Exercise →
The records that follow are to be repeated in full, with no pictures retained.

(Stored data begins)

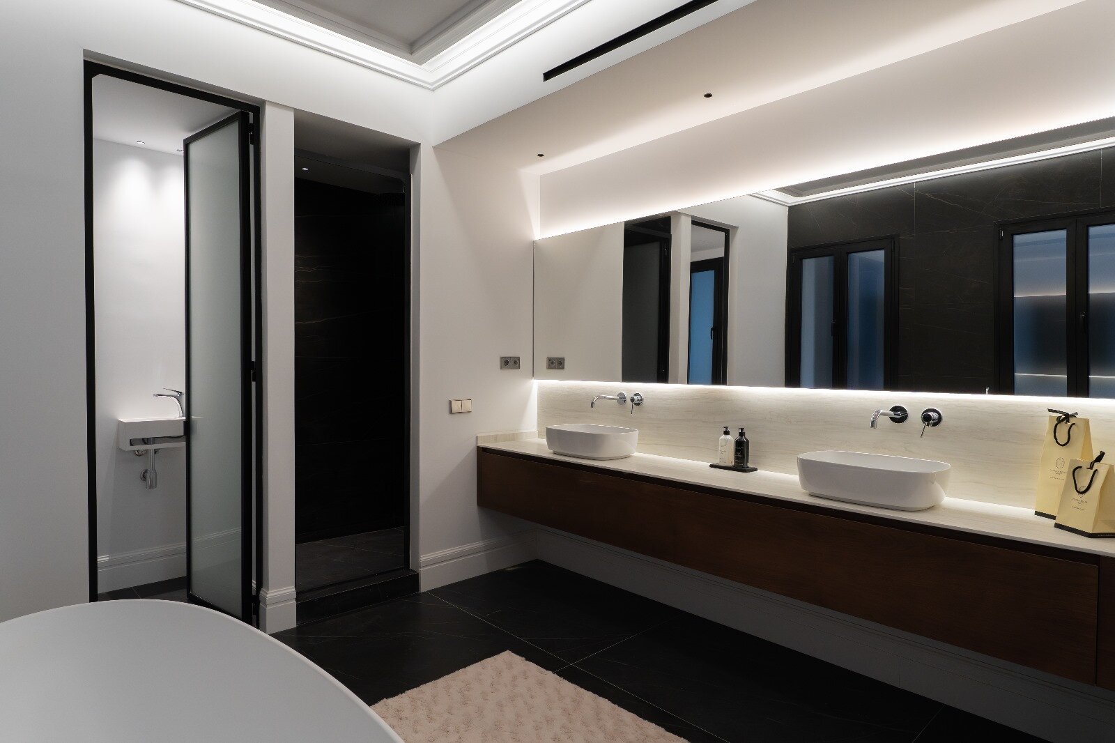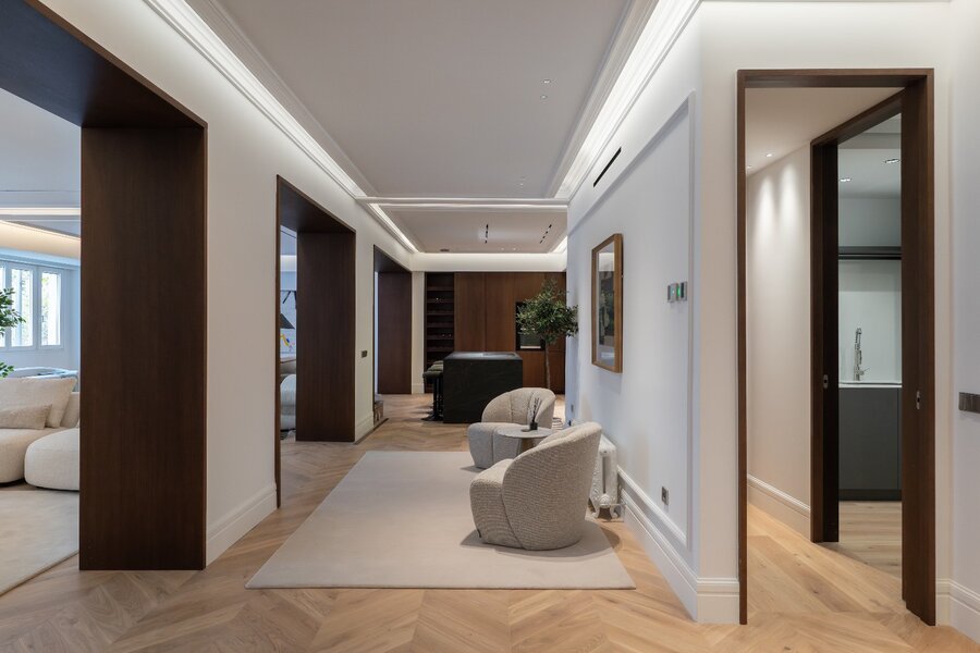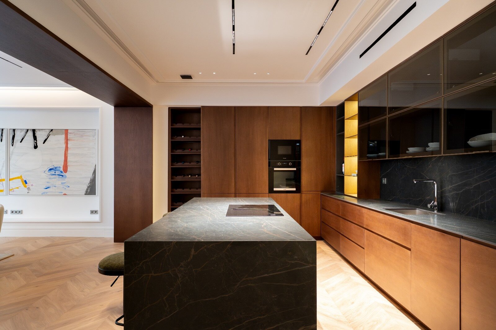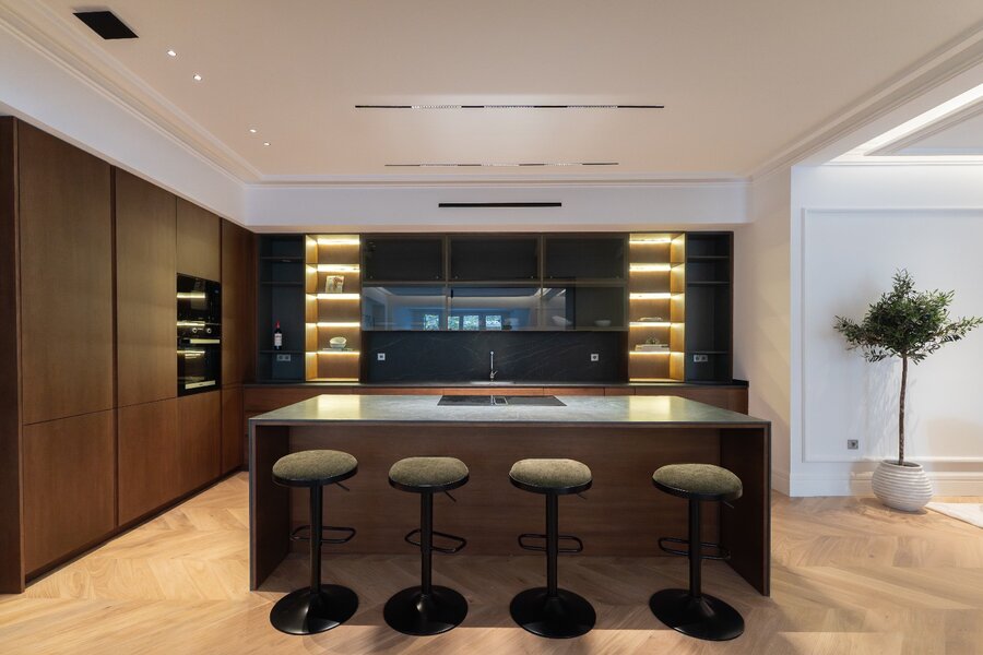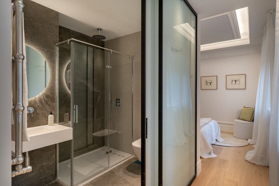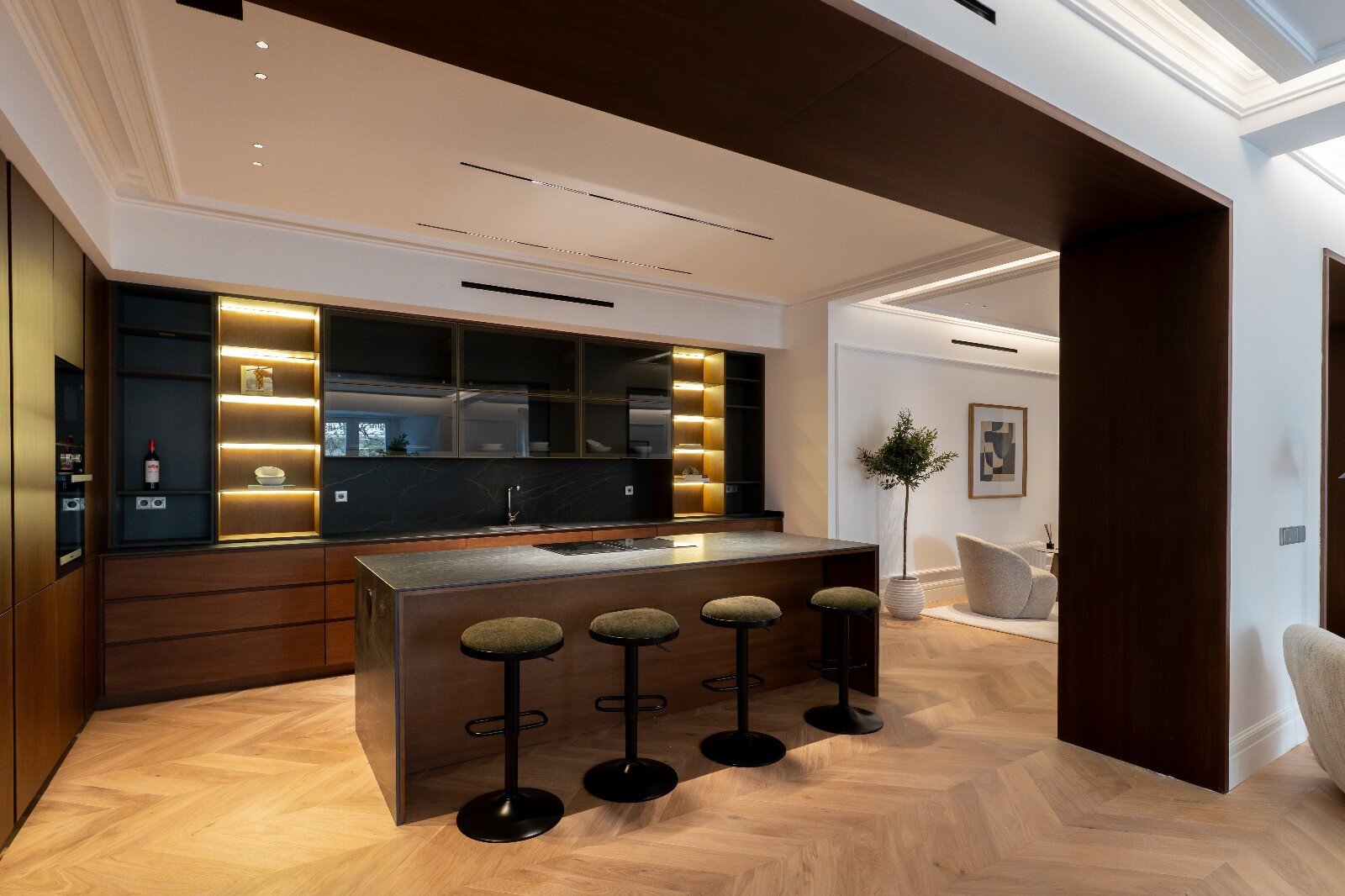 This residence is situated in the prestigious Castellana neighborhood, one of the most exclusive and sought-after areas of Madrid. Renowned for its elegant historic buildings, embassies, and headquarters of important companies, this area is home to several diplomatic missions, including those of the United States and Italy.
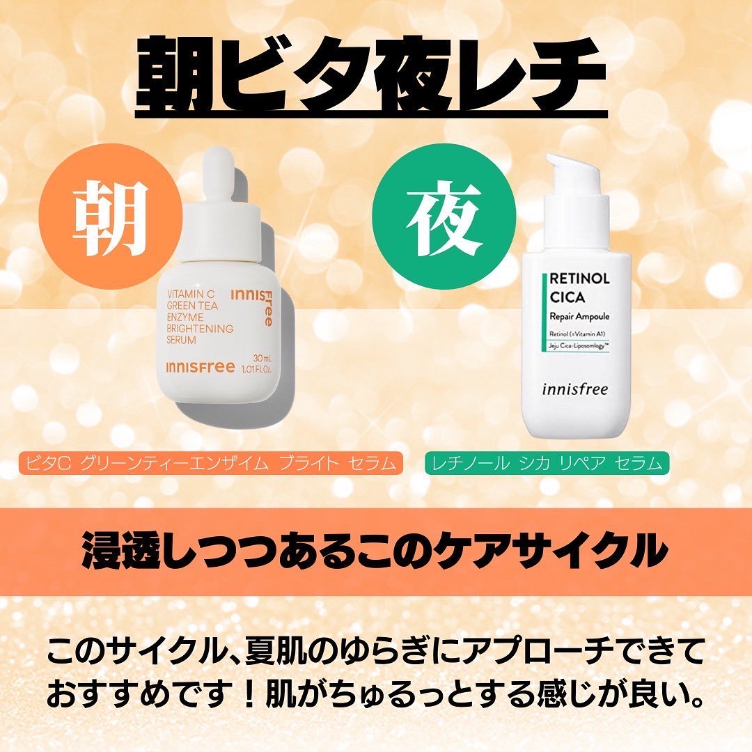 レチノールシカリペアセラムビタCグリーンティーエンザイムブライトセラム朝ビタ、夜レチってよく聞くけど実際どれ使ったらいいのか、朝と夜は別ブランドでいいの?とか悩みは尽きなかったんだけど、これはビタミンも、レオノールも両方あるからライン使いで使...
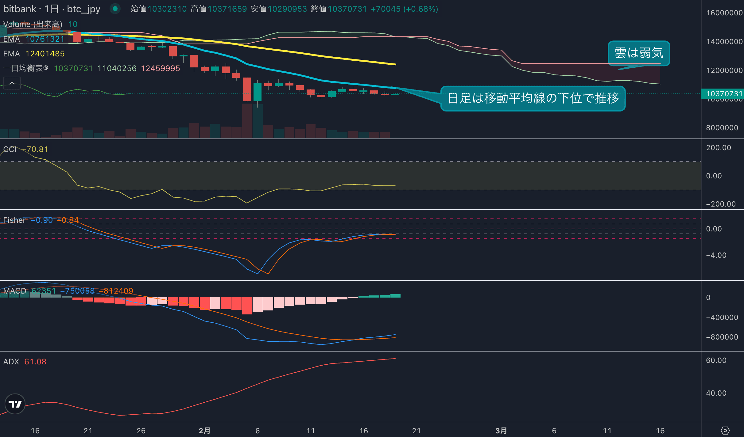 BTC/JPYテクニカル分析|ADX上昇で下落トレンド強まる、売られ過ぎ反発はあるか
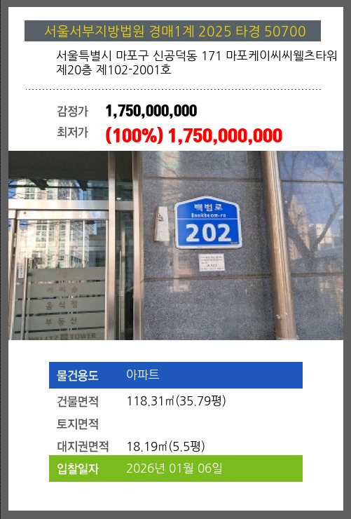 사건번호 2025 타경 50700 본건은 서울특별시 마포구 신공덕동 171 마포케이씨씨웰츠타워 제20층 제102-2001호소재하는 아파트경매 물건의 포스팅입니다. 건물면적 [ 118.31㎡ (35.79평) ]대지권 [ 18.19㎡ (5.5평) ] 시세를
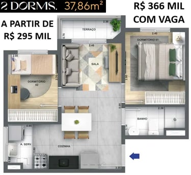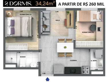 38m² - 02 Dorms. com terraço - (unidades de ponta). Finais: 02, 03, 09 e 10.
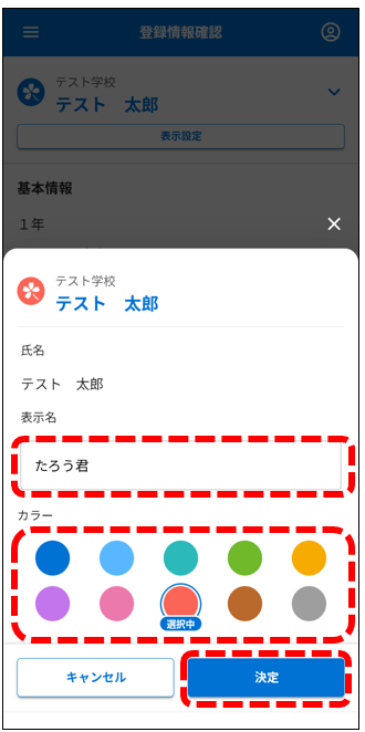 ※ここで設定した呼称や文字色は、ご自身の端末内だけで反映されます
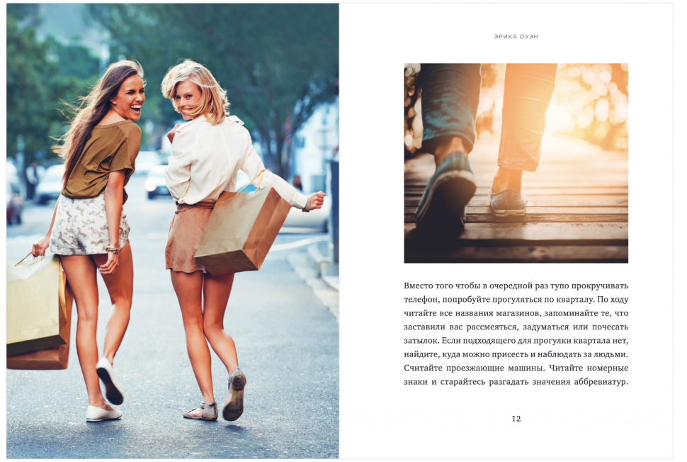 Эрика Оуэн — журналист-путешественник, колумнист Vogue, GQ, Bustle. Она уверена: фланирование, как многим известное хюгге, может стать стилем жизни. Это прогулка ради прогулки, которая даст возможность не просто насладиться путешествием, но и позволить увиденному изменить ваши мысли и восприятие мира.

(Stored data ends)

Result of the task →
 This residence is situated in the prestigious Castellana neighborhood, one of the most exclusive and sought-after areas of Madrid. Renowned for its elegant historic buildings, embassies, and headquarters of important companies, this area is home to several diplomatic missions, including those of the United States and Italy.
 レチノールシカリペアセラムビタCグリーンティーエンザイムブライトセラム朝ビタ、夜レチってよく聞くけど実際どれ使ったらいいのか、朝と夜は別ブランドでいいの?とか悩みは尽きなかったんだけど、これはビタミンも、レオノールも両方あるからライン使いで使...
 BTC/JPYテクニカル分析|ADX上昇で下落トレンド強まる、売られ過ぎ反発はあるか
 사건번호 2025 타경 50700 본건은 서울특별시 마포구 신공덕동 171 마포케이씨씨웰츠타워 제20층 제102-2001호소재하는 아파트경매 물건의 포스팅입니다. 건물면적 [ 118.31㎡ (35.79평) ]대지권 [ 18.19㎡ (5.5평) ] 시세를
 38m² - 02 Dorms. com terraço - (unidades de ponta). Finais: 02, 03, 09 e 10.
 ※ここで設定した呼称や文字色は、ご自身の端末内だけで反映されます
 Эрика Оуэн — журналист-путешественник, колумнист Vogue, GQ, Bustle. Она уверена: фланирование, как многим известное хюгге, может стать стилем жизни. Это прогулка ради прогулки, которая даст возможность не просто насладиться путешествием, но и позволить увиденному изменить ваши мысли и восприятие мира.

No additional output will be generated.